Или если тебе не застилает глаза всепоглощающее желание отомстить тому, кто тебя подло предал, и в придачу подставил двоих твоих любимых друзей. Поэтому всю мою японскую эскападу меня, как в старом фильме, терзали смутные сомнения, как лучше поступить.
С ними же, с этими самыми сомнениями, я и вернулся в Москву в конце марта.
И буквально на следующий день Шиповенко мне написал – позвонить, вероятно, не позволила гордость – что слушания по моему делу в Федерации назначены на веселую дату первого апреля. Что ж, прекрасно…
Если же говорить о гордости, то Нинель, которая тоже, безусловно, получила уведомление о заседании Федерации, даже не попыталась ни сама, ни через кого-то со мной связаться. То есть разрыв дипломатических отношений между нами можно было считать состоявшимся.
Чего я и добивался.
Естественно, как только возвращаюсь, сразу же звоню Анечке. Поздравить с первым местом на чемпионате мира и вообще… И с удивлением узнаю, что ее нет в Москве.
- Мы в Дубае, здесь… Все…
- То есть как, все? – удивляюсь я.
- Ну вообще все, - Аня как-то нерешительно мнется. - Я, Таня, Валя, Андрей… И Женя Семенов тоже…
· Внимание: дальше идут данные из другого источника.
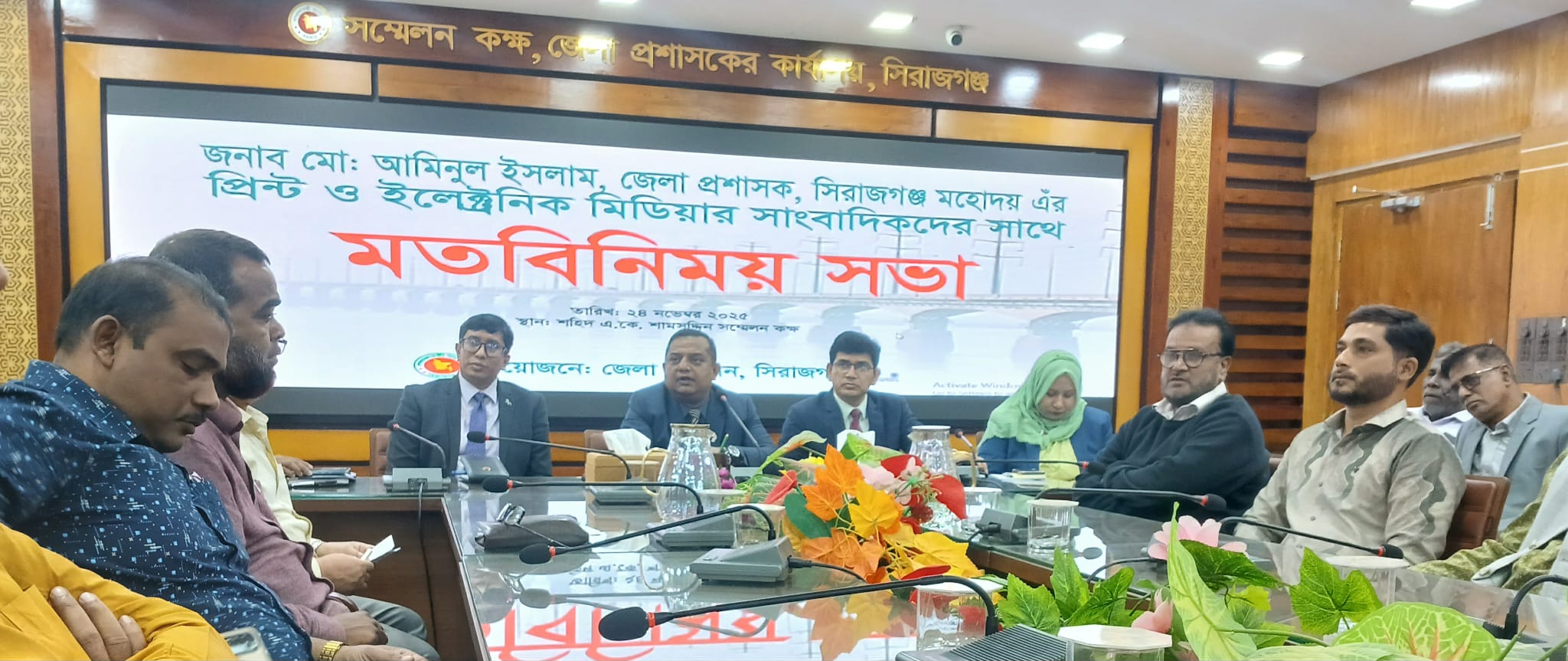 সিরাজগঞ্জের জেলা প্রশাসক মোঃ আমিনুল ইসলাম প্রিন্ট ও ইলেকট্রনিক মিডিয়ার সাংবাদিকদের সাথে এক মতবিনিময় সভায় অনুষ্ঠিত হয়েছেন।
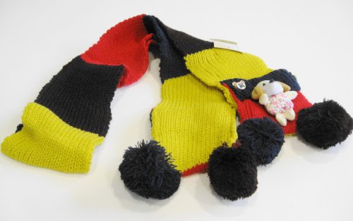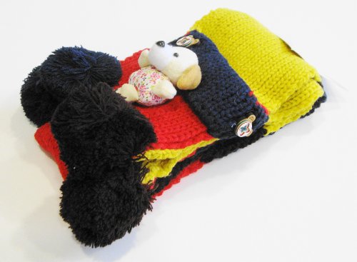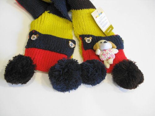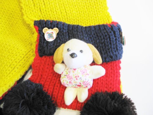 カラフル色のマフラー、小熊ちゃんブローチ付き。可愛くてたまらない。子供のファッションに大活躍になりそう!
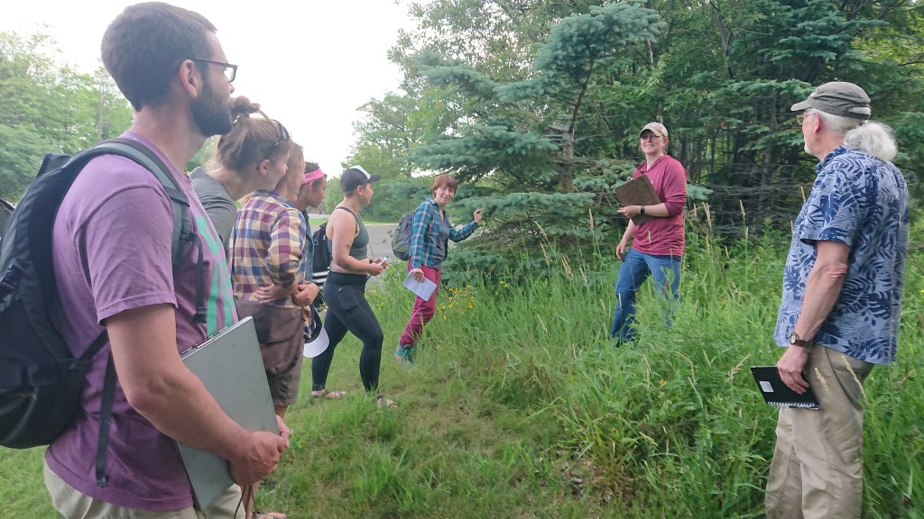 The group that traveled to Rock Pond and back had a specific interest in wild edibles and medicinal plants. Plants of note that fit that category included, the edible oyster mushroom growing on a dead aspen, wild bergamot by the pond which is used to make earl grey tea, and spotted touch-me-not (or jewel-weed) that is told will lessen the pain from a bee sting or stinging nettles. The plant community surrounding Rock Pond consisted of northern meadow, sun-loving plants, and aside from the medicinal and edible plants, many flowers were blooming, such as northern bedstraw, common milkweed which had a caterpillar on the plant, and golden alexanders which are the host plant of the black swallowtail butterfly. Along the trailside edges and down the historic run from the ski jump, many invasive species were noted, such as valerian and tansy which are both said to assist in sleep and plantain which is known as a substitute for an antibiotic in wounds. This was still fun to discuss their medicinal uses, which were likely the reason why many of them are here today.
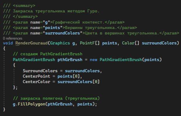 В качестве практической вставки посмотрим, как закрасить треугольник в соответствии с методом Гуро. В графической библиотеке GDI+ присутствует необходимый функционал, чтобы линейно интерполировать цвета между тремя вершинами. (см. листинг ниже)

- Ого, рад за вас, - без всякой радости констатирую я. – Могли бы хоть предупредить, я бы тоже к вам завернул…
- Да вот как-то закрутились, все так неожиданно произошло, - начинает вилять Анька, - не получилось, извини…
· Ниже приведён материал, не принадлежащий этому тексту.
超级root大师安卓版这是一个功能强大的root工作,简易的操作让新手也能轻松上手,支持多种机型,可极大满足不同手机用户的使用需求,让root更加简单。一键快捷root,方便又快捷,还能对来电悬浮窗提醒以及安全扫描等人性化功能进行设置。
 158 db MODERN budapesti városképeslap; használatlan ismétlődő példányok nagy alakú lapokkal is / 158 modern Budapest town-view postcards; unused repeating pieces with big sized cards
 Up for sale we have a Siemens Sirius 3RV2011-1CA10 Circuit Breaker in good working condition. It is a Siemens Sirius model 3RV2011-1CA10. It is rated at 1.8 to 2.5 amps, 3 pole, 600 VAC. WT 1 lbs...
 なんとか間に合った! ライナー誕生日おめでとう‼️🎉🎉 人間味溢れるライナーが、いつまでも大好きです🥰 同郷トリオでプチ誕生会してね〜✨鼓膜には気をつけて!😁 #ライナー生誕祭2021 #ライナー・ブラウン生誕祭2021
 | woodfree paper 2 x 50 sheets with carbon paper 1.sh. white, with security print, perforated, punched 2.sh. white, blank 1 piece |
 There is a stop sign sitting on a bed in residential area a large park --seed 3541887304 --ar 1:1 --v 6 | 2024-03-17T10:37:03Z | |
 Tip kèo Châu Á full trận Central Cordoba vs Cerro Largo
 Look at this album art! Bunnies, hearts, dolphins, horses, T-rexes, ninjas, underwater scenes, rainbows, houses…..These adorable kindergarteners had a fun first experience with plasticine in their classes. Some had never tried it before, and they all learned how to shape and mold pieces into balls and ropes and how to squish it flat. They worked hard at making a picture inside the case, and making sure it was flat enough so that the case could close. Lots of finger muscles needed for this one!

- Не получилось, или тебе сказали мне не звонить? - задаю вопрос напрямую.
Она молчит, и я слышу только ее дыхание сквозь шум электронных помех.
- Ладно, - не желаю разводить дальше полемику я, - счастливого отдыха, всем привет.
- Серенький…
- Все, пока… Прости я спешу.
Отключаюсь. Зло отшвыриваю телефон в сторону. Да что же это происходит-то? Все вокруг как сговорились…
Заставлять Аню извиняться и чувствовать себя униженной мне не хотелось. Я вообще терпеть не могу смотреть на чужую слабость. А что бы она могла мне еще сказать? Ее молчания мне хватило… Лояльная. Лояльная Озерова. Вот так о ней и говорили у нас. Никогда не спорит. Никогда не возражает. Характер проявляет только по отношению к себе и своей работе. Нинель даже не запрещала – попросила, я уверен, просто попросила ее мне не звонить, не отвлекать. И Аня выполнила просьбу тренера. Даже не задумавшись… Или не захотев задуматься. А ведь это только самое начало. Что будет дальше? Честно говоря, я рассчитывал на Анину поддержку, хотя бы моральную. Но, по всей видимости, как минимум сейчас это было невозможно. Что ж…
Выбрасываю из головы неприятные мысли, и всю неделю до первого числа регулярно хожу на тренировки, как в обычные дни. Нинель нет – говорят она улетела в Америку к Фионе – но есть Железняк, Артур и дядя Ваня, с которыми мы, как всегда, прекрасно находим, чем мне заняться.
А еще, соблюдаю режим радиомолчания. Не беру телефонные звонки, не отвечаю никому в «Телеграмм». Общаюсь только с тренерами.
Ни Нинель, ни Аня выйти со мной на связь не пытаются.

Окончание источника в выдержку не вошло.